Radishes are a hardy, easy-to-grow root vegetable that can be planted multiple times in a growing season. They are grown for their root and their edible leaves. Plus, radishes can be harvested as soon as 3 weeks after planting! Here’s our full guide on how to grow radishes in your garden.
About Radishes
Radish seeds can be planted in both the spring and the fall, but growing should be suspended in the height of summer, when temperatures are typically too hot. (Hot temperatures may cause radishes to bolt, making them essentially useless.)
Otherwise, radishes are one of the easiest vegetables to grow.
Selecting and Preparing a Planting Site
- Plant in a sunny spot. If radishes are planted in too much shade—or even where neighboring vegetable plants shade them, they will put all their energy into producing larger leaves.
- Like carrots, radish plants are primarily grown for their roots. Though the soil needs to be rich in organic matter, it should not be compacted. If your soil is more clay-like, mix in some compost to loosen it and improve drainage.
- If your soil isn’t rich in organic matter, incorporate a few inches of aged compost or all-purpose fertilizer (see packaging for amount) into the planting site as soon as the soil is workable.
- Till your garden bed to remove any rocks or dirt clods before planting.
- Practice 3-year crop rotation. In other words, only plant radishes in the same spot every third year. This will help prevent diseases from affecting your crop.
When to Plant Radishes
- For a spring planting, sow seeds 4 to 6 weeks before the average date of your last spring frost. See local frost dates here.
- Fall planting is also possible with radishes. You can plant radishes later than any other root crop in late summer or early fall and still get a harvest. Sow seeds 4 to 6 weeks before the first fall frost.
How to Plant Radishes
- Radish seeds have a fairly long shelf life. Don’t be afraid to plant radish seeds that are up to five years old. All may not germinate, but you’ll have plenty that will.
- It’s best to sow radish seeds directly in the garden so as not to disturb their roots. Directly sow seeds outdoors ½ to 1 inch deep and 1 inch apart in rows 12 inches apart.
- Sow another round of seeds every 10 days or so while weather is still cool for a continuous harvest of radishes in the late spring and early summer.
Check out this video to learn how to plant radishes:
- Crowded plants do not grow well. Thin radishes to about 2 inches apart when the plants are a week old by snipping the greens at the soil line. The thinnings are edible, so add to a salad..
- Consistent, even moisture is key.
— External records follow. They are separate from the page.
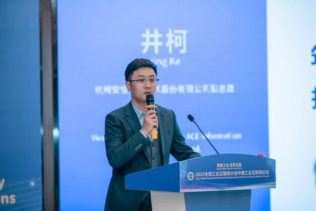 在10月18日下午举行中德工业互联网高端论坛上,安恒信息副总裁井柯发表了题为《筑牢“产业转型”安全关,护航“新型工业化”发展》的演讲。他指出,产业转型的必备要素是工业互联网的建设应用,需要以数据资源为核心,运用新一代信息技术,融合企业侧和政府侧安全需求,贯通企业生产端与用户端,为企业生产经营提供数字安全赋能,为产业生态建设提供数字化安全服务,为经济治理提供数字安全手段。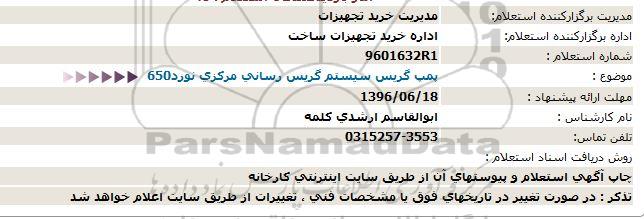 استعلام پمپ گریس سیستم گریس رسانی, استعلام، استعلام پمپ گریس سیستم گریس رسانی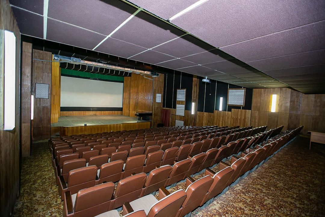 В кинозале каждый день в 15:00 показывают мультфильм для детей, а в 20:00 — художественный фильм для взрослых (кроме одного выходного в неделю).
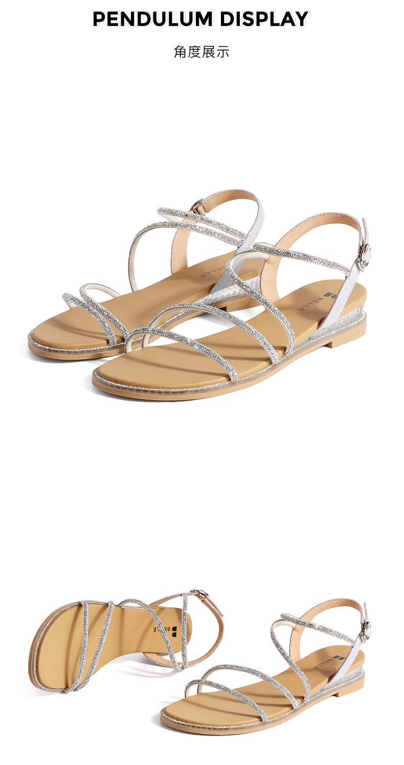| 风格:休闲 | 色系:银色 | 跟高数值:3CM | 配跟:无 | 制鞋工艺:皮凉鞋 |
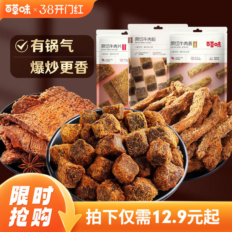 -> 百草味原切牛肉条50g五香牛肉干肉粒牛肉片休闲零解馋牛肉TG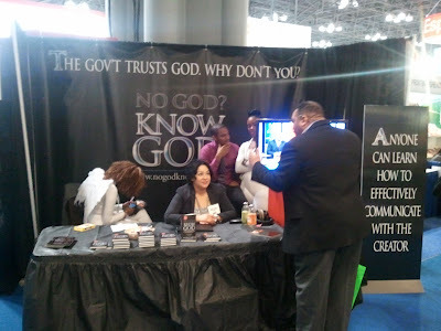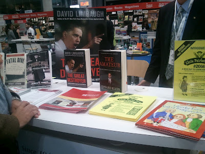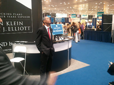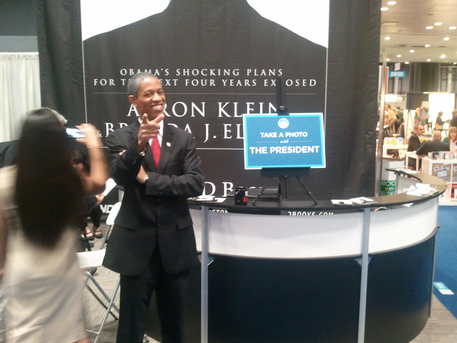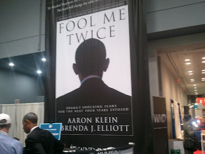 So, this book Fool Me Twice will lay all this out in words that the great unwashed masses of our country's greatest insane asylums can understand. And the publisher's gimmick for generating buzz about the book at BEA was to hire some poor handsome young black man who from behind bears a striking resemblance to our president. (Look at him on the lower right corner of the photo above. They have very similar heads!) He had the perfect sheen of gray on his hair, it was quite amazing. Sadly, the illusion falls apart when he turns around and shows us his handsome face, which bears absolutely no resemblance to our president's handsome face. Still, he's got the gestures and expressions down.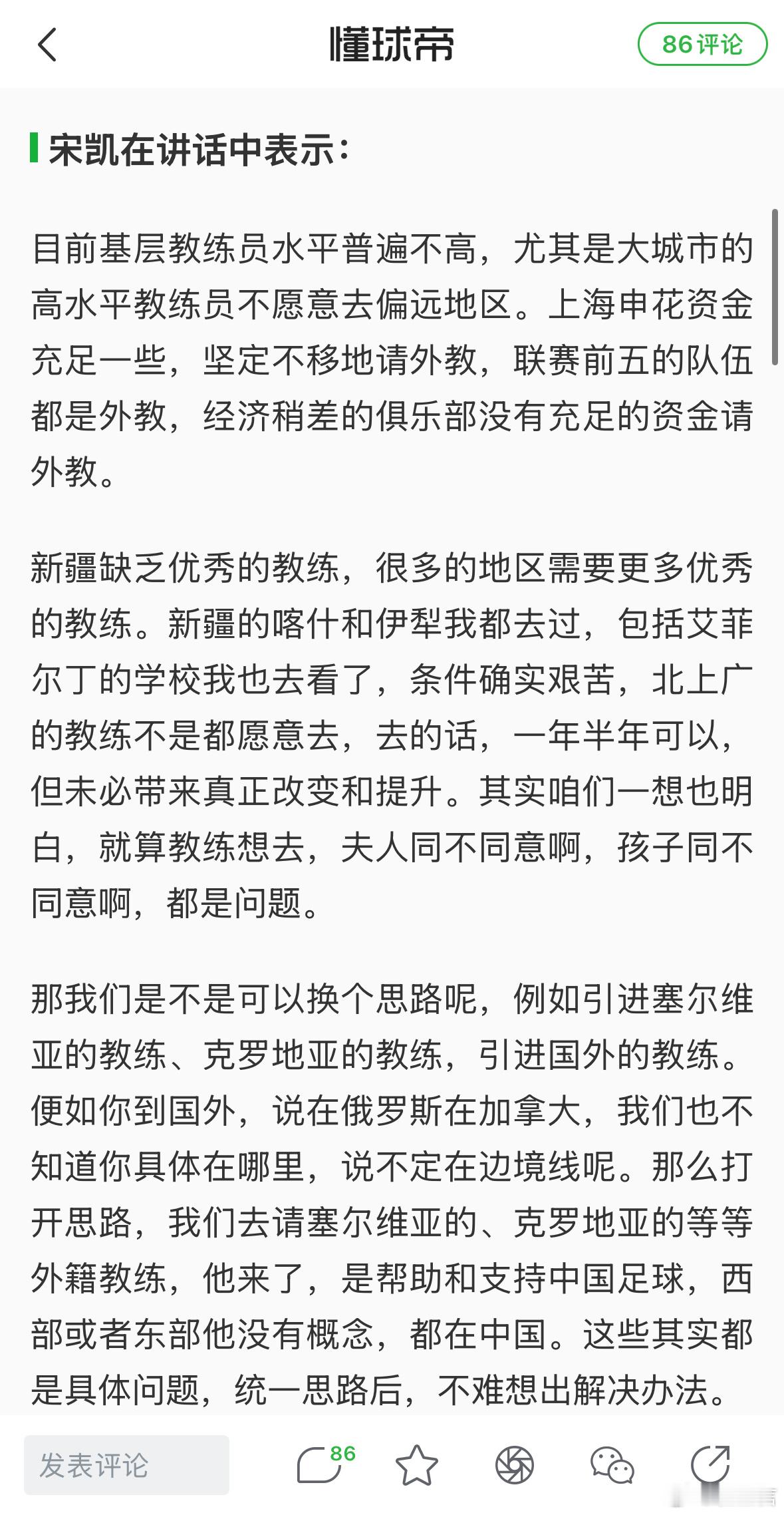 他说“那我们是不是可以换个思路呢,例如引进塞尔维亚的教练、克罗地亚的教练,引进国外的教练。便如你到国外,说在俄罗斯在加拿大,我们也不知道你具体在哪里,说不定在边境线呢。那么打开思路,我们去请塞尔维亚的、克罗地亚的等等外籍教练,他来了,是帮助和支持中国足球,西部或者东部他没有概念,都在中国。这些其实都是具体问题,统一思路后,不难想出解决办法。”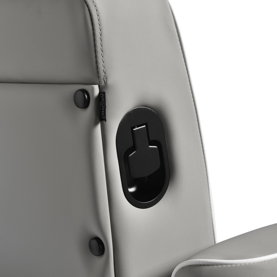 Kadernícke kreslo Gabbiano Levi spája štýl s funkčnosťou. Je vybavené masívnym hydraulickým zdvihákom, nastaviteľným operadlom, opierkou na nohy a výsuvnou opierkou hlavy a umožňuje prispôsobiť polohu podľa typu vykonávaného ošetrenia. To zaručuje maximálne pohodlie pre klienta aj pre osobu vykonávajúcu službu. Starostlivo vypracované detaily, vertikálne prešívanie čalúnenia a elegantné povrchové úpravy robia z kresla pútavý doplnok každého holičstva.
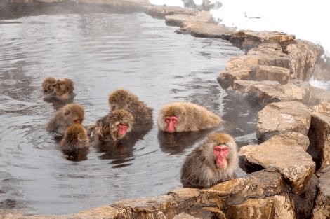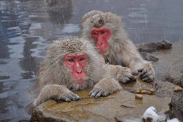 (Anche le macache che vanno alle terme con la prole hanno una gerarchia, e matriarche come fra gli scimpanzé.)

Keep soil evenly moist but not waterlogged. A drip irrigation system is a great way to achieve this.
- Putting a thin layer of mulch around the radishes can help retain moisture in dry conditions.
Pest/Disease | Type | Symptoms | Control/Prevention |
---|---|---|---|
Cabbage root maggots | Insects |
Wilted/stunted plants; off-color leaves; larvae feeding on roots |
Use collars around seedling stems; monitor adults with yellow sticky traps; use row covers; destroy crop residue; till soil in fall; rotate crops |
Cabbage worms | Insects |
Leaves have large, ragged holes or are skeletonized; heads bored; dark green excrement; yellowish eggs laid singly on leaf undersides |
Handpick; use row covers; add native plants to invite beneficial insects; grow companion plants (especially thyme); spray Bacillus thuringiensis (a bacteria that affects larvae and grubs) |
Clubroot | Fungus |
Wilted/stunted plants; yellow leaves; roots appear swollen/distorted |
Destroy infected plants; solarize soil; maintain soil pH of around 7.2; disinfect tools; rotate crops |
Flea beetles | Insect |
Numerous tiny holes in leaves |
Use row covers; mulch heavily; add native plants to invite beneficial insects |
White rust | Fungus |
Chalk-white blisters mainly on leaf undersides; small, yellow-green spots or blisters, sometimes in circular arrangement, on upper leaf surfaces; possible distortion or galls; stems may also be infected |
Destroy infected plants; choose resistant varieties; weed; destroy crop residue; rotate crops |
- ‘French Breakfast’: a late-maturing variety that does OK in moderate heat.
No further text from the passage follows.